An example of a university finance “wagon wheel”

Many providers are already in the process of developing a “Wagon Wheel” pie chart of income and expenditure for their students. But I’ve also identified some mistakes that people might make along the way.

  1. Headline income and expenditure data tend not to say which activities at each institution provide substantial losses or surpluses. For a full understanding of institutional finances, elements such as income and expenditure from trading activities (i.e. housing or catering) need to be clearly portrayed to students as generating a net profit or loss.
  2. In much-published data, it can be difficult to distinguish research from teaching. Yet “transparent approach to costing” data manages to differentiate between the two. So it should be possible to display this information to students. If institutions are proud of delivering research-led teaching, then making such data available could emphasise the perceived link.
  3. Because institutions present figures in different ways, it can be difficult for students or their representatives to carry out meaningful comparisons. Yet the accounting statement of recommended practice followed by HE institutions enables some comparability, and collective efforts should be made to ensure information can be meaningfully compared by students between institutions.
  4. It is tempting to produce marketing material that focuses on the wider benefits of HE. But the research suggests that it is only when students are happy that they get value for money on inputs, that they can turn their attention to outcomes and impacts.
  5. As long as students feel ripped off by printing costs, gym fees, lattes or halls, they will feel that their university was not value for money. Any university that knows more about its own finances than the plight of its poorer students should review how it makes decisions.
  6. Involving students (say from the students’ union) in financial decision making is not the same as promoting confidence amongst the student body that the money is being spent wisely.
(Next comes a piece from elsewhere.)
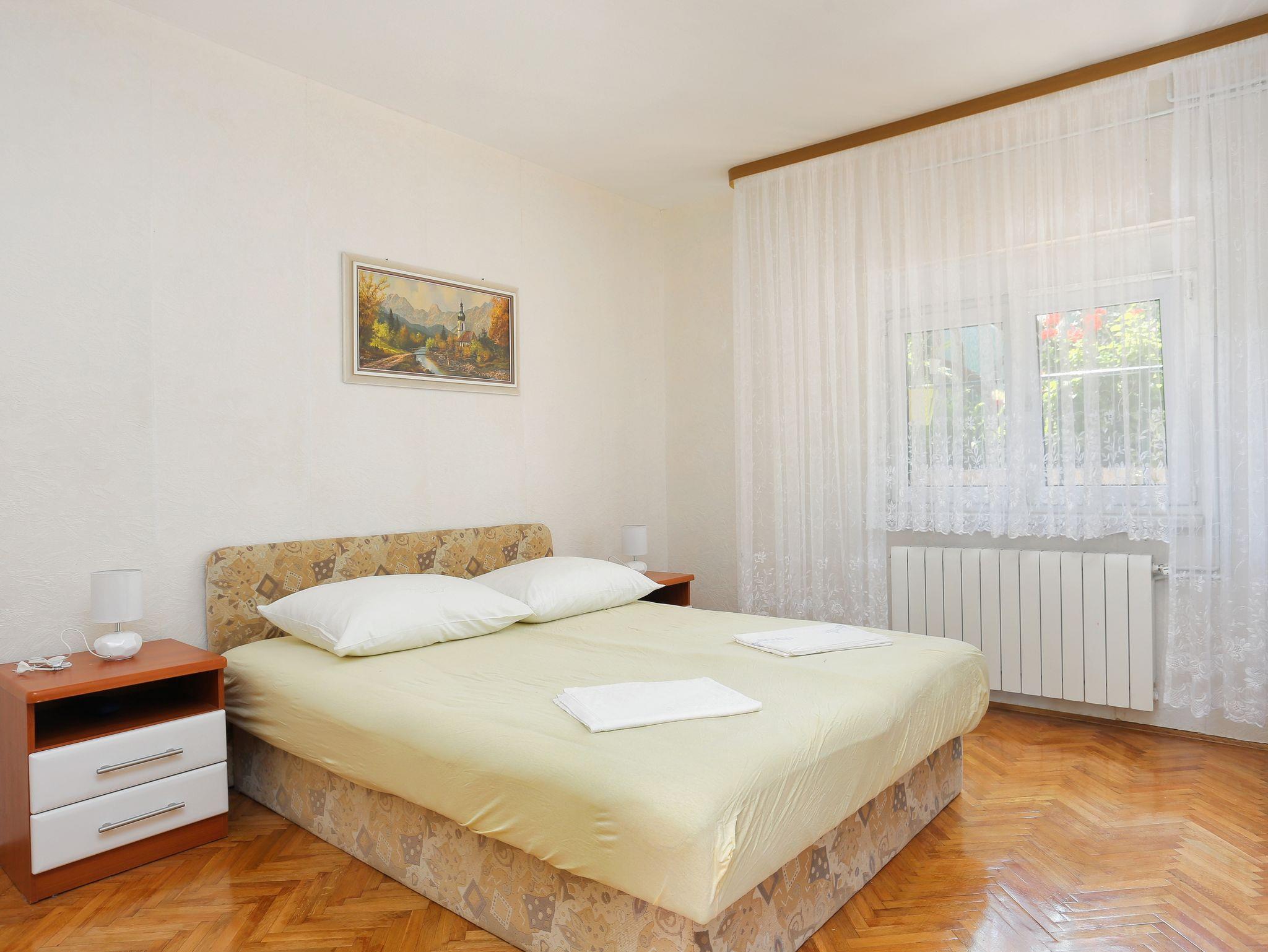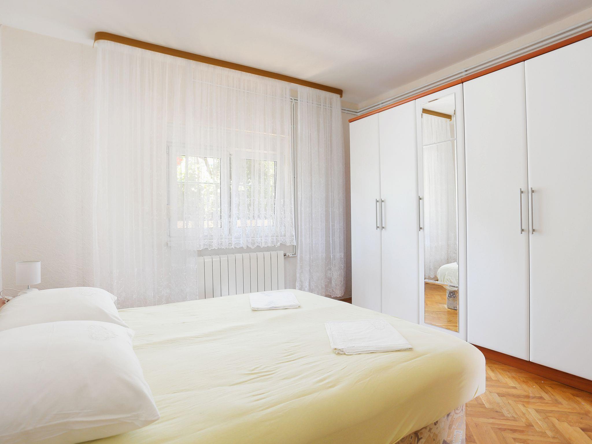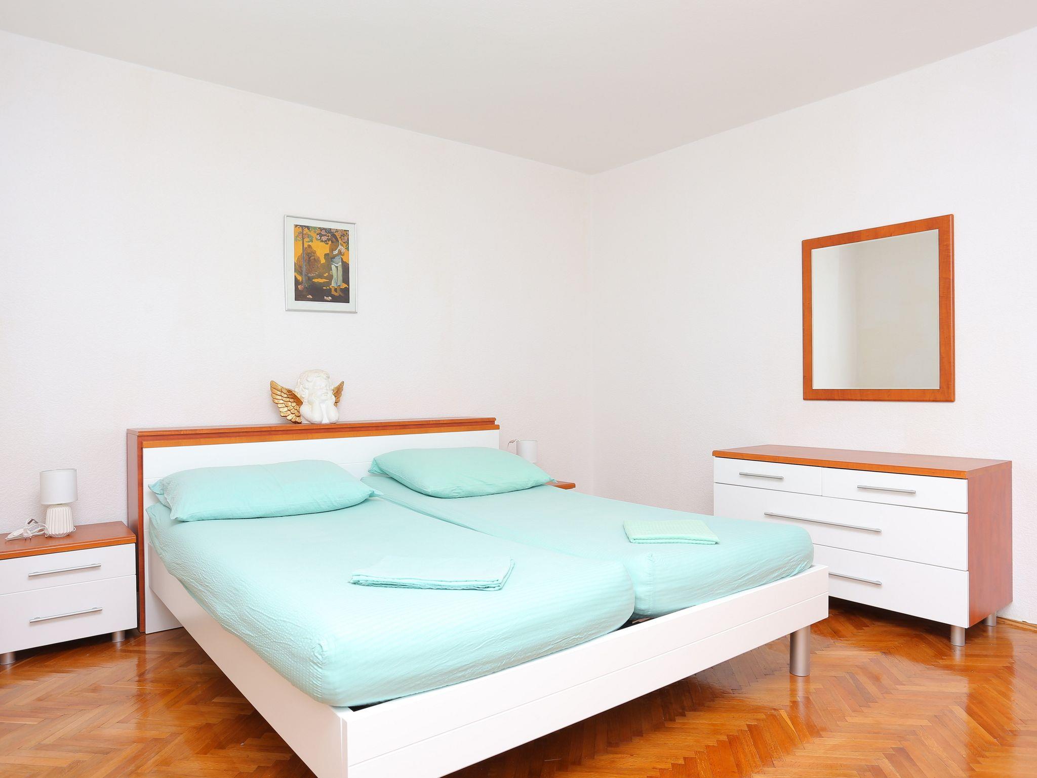 Ferienwohnung bietet Platz für 6 Gäste. Die Betten sind in Schlafzimmern, die es 2 gibt, und in Wohnzimmer, innerhalb einer Gesamtfläche von 92m2, angeordnet. Die Gäste haben einen eigenen Balkon zur Verfügung, auf der sie in warmen Sommernächten genießen können. Das Apartment bietet Meerblick. Es ist erlaubt, Speisen auf dem Gemeinschafts-Grill vorzubereiten. In der Unterkunftseinheit besteht die Möglichkeit des Mitbringens von Haustieren gegen Aufpreis. IM PREIS INBEGRIFFEN: Kurtaxe, Endreinigung, Parkplatz, Internet, Bügeleisen, Bügelbrett, Föhn. VERBINDLICHE ZUSÄTZLICHE KOSTEN: Aufzahlung für Kurzaufenthalte (prozentualer Zuschlag pro Nächtigungsanzahl: 30% - 1, 20% - 2, 10% - 3). UNVERBINDLICHE ZUSÄTZLICHE KOSTEN: Klimatisierung (10,00 € pro Nacht), Haustiere (10,00 € pro Nacht). Die Verfügbarkeit zusätzlicher Dienstleistungen in Ihrem reservierten Termin und die Preise derselben (falls nicht aufgeführt) müssen im Voraus überprüft werden. Zusätzliche Dienstleistungen die in der Zahlungsaufforderung nicht aufgeführt sind werden direkt beim Vermieter bezahlt, angenommen der Gast nutzt auch diese. Ermäßigung auf den Grundpreis: Gratistag 14=13 (bei einem Aufenthalt von 14 Tagen oder mehr erhalten Sie einen Gratistag für den Aufenthalt bis 31.12.26).

Both should happen.

There are some that have argued that the current loan system is preferable because it hides the subsidy from the public going into higher education. That may be so, but it is democratically deficient; and it does mean that if that subsidy comes onto the books after the Office for National Statistics review, we’ll have lost many years’ opportunity to tell taxpayers why subsidising higher education is a great idea.

For students, it’s long been obvious that hiding the subsidy from them – which only manifests if they are deemed economically unsuccessful in thirty years time – has negative effects on their acceptance of the system that they carry into their twenties (and to the ballot box).
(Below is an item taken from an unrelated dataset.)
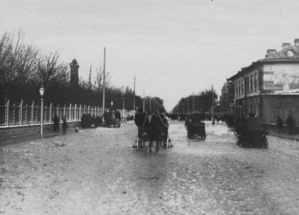 Большой пр., наводнение, вдали видна пожарная каланча, фото 12 ноября 1903 г.
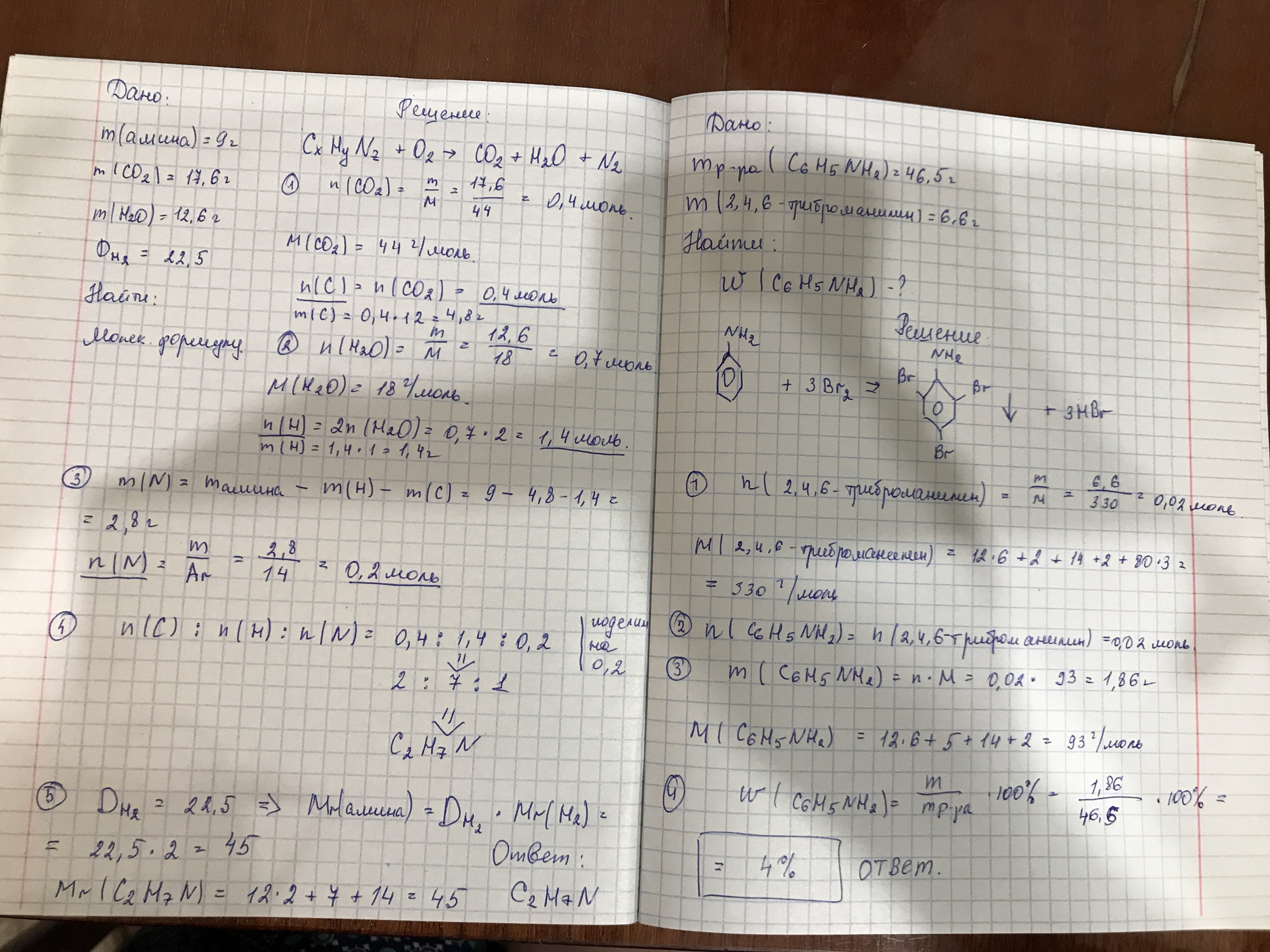 2)9 г амина образует при сжигании 17,6 г углекислого газа,12,6 г воды и азот.Относительная плотность по водороду 22,5.Вычислите формулу амина.

But students in Scotland worry about value for money too. Regardless of the balance of contribution between taxpayer and individual, it’s daft to not tell them where the money goes. Faced with a gap in information, people think the worst. If the sector wants to protect the unit of resource it deploys on higher education, it should probably want students to think the best.

One response to “Where does all the money go?
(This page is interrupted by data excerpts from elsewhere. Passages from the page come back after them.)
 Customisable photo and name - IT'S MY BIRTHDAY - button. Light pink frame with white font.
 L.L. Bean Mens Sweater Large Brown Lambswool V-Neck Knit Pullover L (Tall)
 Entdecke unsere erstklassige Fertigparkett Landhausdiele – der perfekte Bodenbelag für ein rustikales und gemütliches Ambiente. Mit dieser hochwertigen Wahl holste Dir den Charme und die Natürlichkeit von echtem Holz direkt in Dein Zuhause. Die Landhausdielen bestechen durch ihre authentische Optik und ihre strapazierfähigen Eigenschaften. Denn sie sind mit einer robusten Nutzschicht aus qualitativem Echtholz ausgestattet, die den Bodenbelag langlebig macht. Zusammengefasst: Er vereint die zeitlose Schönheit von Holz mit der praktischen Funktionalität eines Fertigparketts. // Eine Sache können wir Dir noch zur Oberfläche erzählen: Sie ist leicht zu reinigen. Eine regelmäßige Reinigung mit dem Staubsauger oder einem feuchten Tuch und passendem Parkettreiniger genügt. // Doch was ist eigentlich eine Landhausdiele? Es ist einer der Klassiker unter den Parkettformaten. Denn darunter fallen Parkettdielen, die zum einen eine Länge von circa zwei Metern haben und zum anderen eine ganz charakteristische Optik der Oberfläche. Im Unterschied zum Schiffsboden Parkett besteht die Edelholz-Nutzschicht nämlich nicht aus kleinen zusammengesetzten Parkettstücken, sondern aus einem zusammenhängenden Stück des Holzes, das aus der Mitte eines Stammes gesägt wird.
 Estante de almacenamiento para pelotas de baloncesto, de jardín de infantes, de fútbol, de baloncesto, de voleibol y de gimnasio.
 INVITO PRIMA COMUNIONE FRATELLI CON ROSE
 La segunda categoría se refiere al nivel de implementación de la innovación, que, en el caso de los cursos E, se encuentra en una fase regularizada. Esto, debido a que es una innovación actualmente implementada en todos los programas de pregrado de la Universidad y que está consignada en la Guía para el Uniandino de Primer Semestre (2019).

  1. Many students though do see that VFM is a longer term question, and isn’t just about prices of things whilst they are studying. The wagon wheel approach has worked with many students’ understanding of where the tuition fee income goes and so is a useful tool. Adding more into this approach may just confuse students, notably TRAC data which isn’t intended for this purpose and has its limitations. The SORP does give comparability but individual HEIs will account for things differently internally at a more detailed level. Maybe a wagon wheel or two, with a few words of explanation is the way forwards, but let’s not ditch the simplicity.

    Most students are more worried about living costs and another means of communication is to demonstrate the ongoing cost of their HE to them after they have left. When broken down into a monthly cost at given salary levels, the number is far more palatable and can then be used as a much better measure of value.